Its deleting entries when "log.retention.hours" is below ~ 4400 in the kafka server configuration.

With log.retention.hours=4400 logs are deleted:

[2018-09-04 14:00:12,146] INFO Created log for partition zbp5iG90-0 in /home/al/git/rsyslog/tests/.dep_wrk/kafka/kafka-logs with properties {compression.type -> producer, message.format.version -> 2.0-IV1, file.delete.delay.ms -> 60000, max.message.bytes -> 1000000, min.compaction.lag.ms -> 0, message.timestamp.type -> CreateTime, message.downconversion.enable -> true, min.insync.replicas -> 1, segment.jitter.ms -> 0, preallocate -> false, min.cleanable.dirty.ratio -> 0.5, index.interval.bytes -> 4096, unclean.leader.election.enable -> true, retention.bytes -> 104857600, delete.retention.ms -> 86400000, cleanup.policy -> [delete], flush.ms -> 10000, segment.ms -> 604800000, segment.bytes -> 104857600, retention.ms -> 15840000000, message.timestamp.difference.max.ms -> 9223372036854775807, segment.index.bytes -> 104857600, flush.messages -> 10000}. (kafka.log.LogManager)

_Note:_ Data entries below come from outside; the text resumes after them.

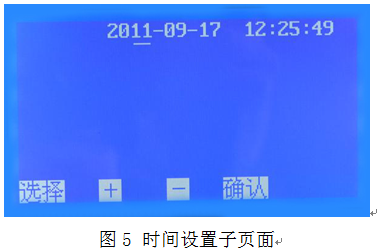 5、在图2页面下,按 选择 键移动光标√ 至时间设置处,按 确认 键即可进入时间设置子页面(图5)。
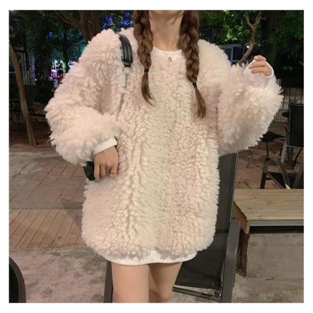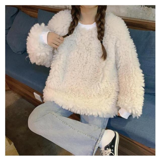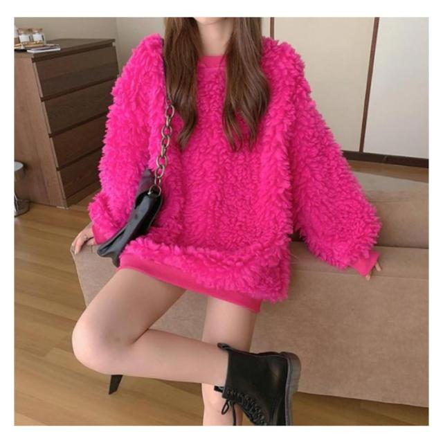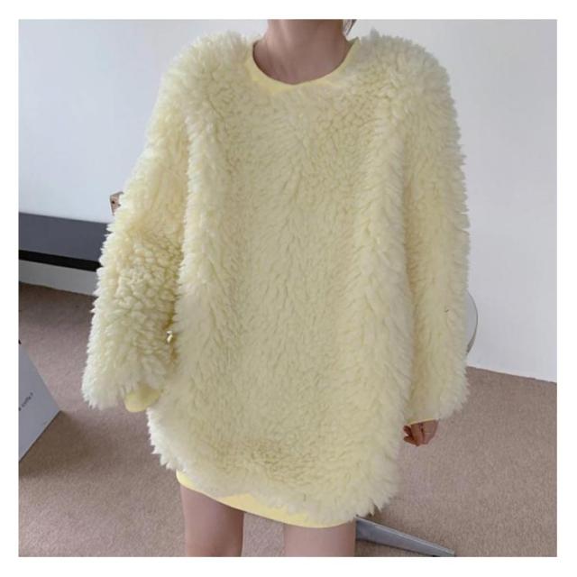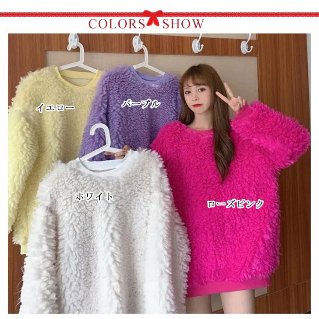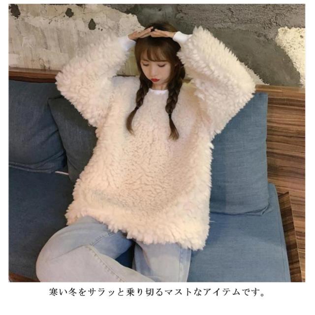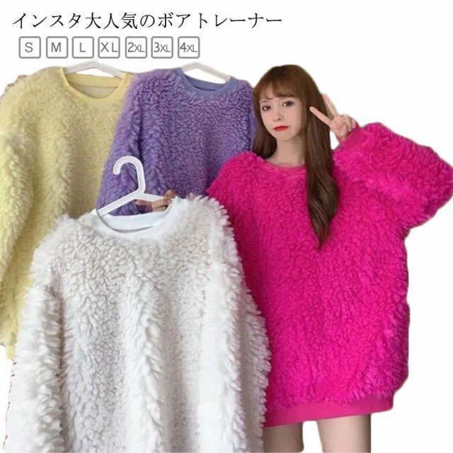 ボアクルーネックトレーナー レディース ボア 秋冬 おしゃれ トレーナー トレーナー シンプル インスタ映え フリース トップス 韓国 ファッション 冬服 秋 秋服
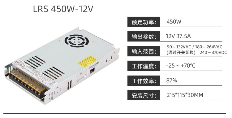 LRS450W系列專用電源特性:交流輸入范圍通過開關(guān)切換,可承受300VAC浪涌輸入5秒,保護(hù)種類:短路/過負(fù)載/過電壓/過溫度,內(nèi)置直流風(fēng)扇強(qiáng)制風(fēng)冷,具有冷卻風(fēng)扇開/關(guān)控制,超小體積1U低外型,可承受5G振動(dòng)測(cè)試,100%滿載老化測(cè)試,LED 電源指示,工作溫度可達(dá)70℃,低成本,高效率,高壽命和高可靠度,3年保固
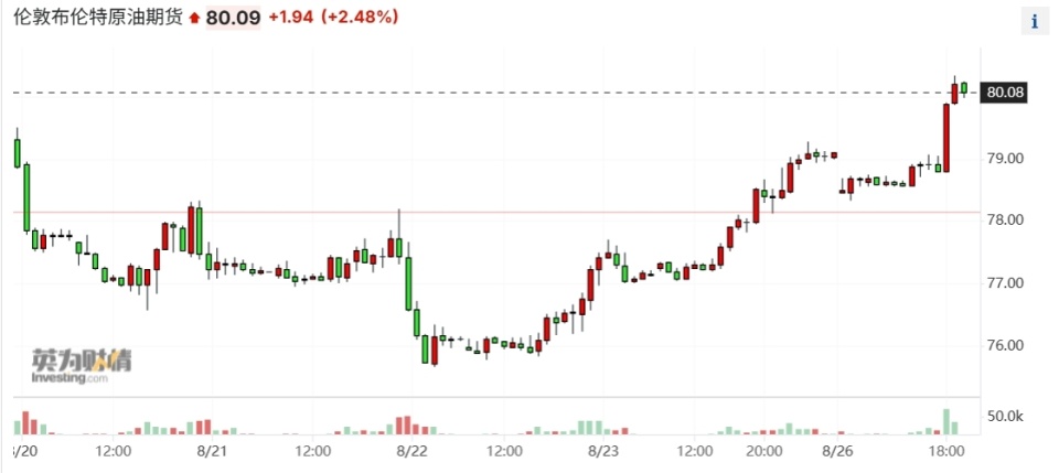 以色列对黎巴嫩南部真主党目标的袭击加剧了中东地区的紧张局势,加之利比亚东部政府表示将停止石油的生产和出口,石油价格一路上涨。周一欧盘时段,布油站上80美元/桶上方,WTI原油则攀升至77美元/桶以上。

With log.retention.hours=4500 no logs are deleted:

[2018-09-04 14:01:41,705] INFO Created log for partition IpkGd3og-0 in /home/al/git/rsyslog/tests/.dep_wrk/kafka/kafka-logs with properties {compression.type -> producer, message.format.version -> 2.0-IV1, file.delete.delay.ms -> 60000, max.message.bytes -> 1000000, min.compaction.lag.ms -> 0, message.timestamp.type -> CreateTime, message.downconversion.enable -> true, min.insync.replicas -> 1, segment.jitter.ms -> 0, preallocate -> false, min.cleanable.dirty.ratio -> 0.5, index.interval.bytes -> 4096, unclean.leader.election.enable -> true, retention.bytes -> 104857600, delete.retention.ms -> 86400000, cleanup.policy -> [delete], flush.ms -> 10000, segment.ms -> 604800000, segment.bytes -> 104857600, retention.ms -> 16200000000, message.timestamp.difference.max.ms -> 9223372036854775807, segment.index.bytes -> 104857600, flush.messages -> 10000}. (kafka.log.LogManager)

alorbach commented 6 years ago

But technically can you confirm that my timestamps are correct now as shown below:

3906.724258635:main Q:Reg/w0 : omkafka.c: omkafka: rd_kafka_producev timestamp=1519866000/1519866000000 3906.724457330:main Q:Reg/w0 : omkafka.c: omkafka: rd_kafka_producev timestamp=1519866000/1519866000000 3906.724657294:main Q:Reg/w0 : omkafka.c: omkafka: rd_kafka_producev timestamp=1519866000/1519866000000 3906.724838562:main Q:Reg/w0 : omkafka.c: omkafka: rd_kafka_producev timestamp=1519866000/1519866000000 3906.725036284:main Q:Reg/w0 : omkafka.c: omkafka: rd_kafka_producev timestamp=1519866000/1519866000000 3906.725250509:main Q:Reg/w0 : omkafka.c: omkafka: rd_kafka_producev timestamp=1519866000/1519866000000

edenhill commented 5 years ago
$ LC_ALL=C date -d @1519866000
Thu Mar  1 02:00:00 CET 2018

Looks ok. Do note that message timestamps are in milliseconds since epoch, not seconds though.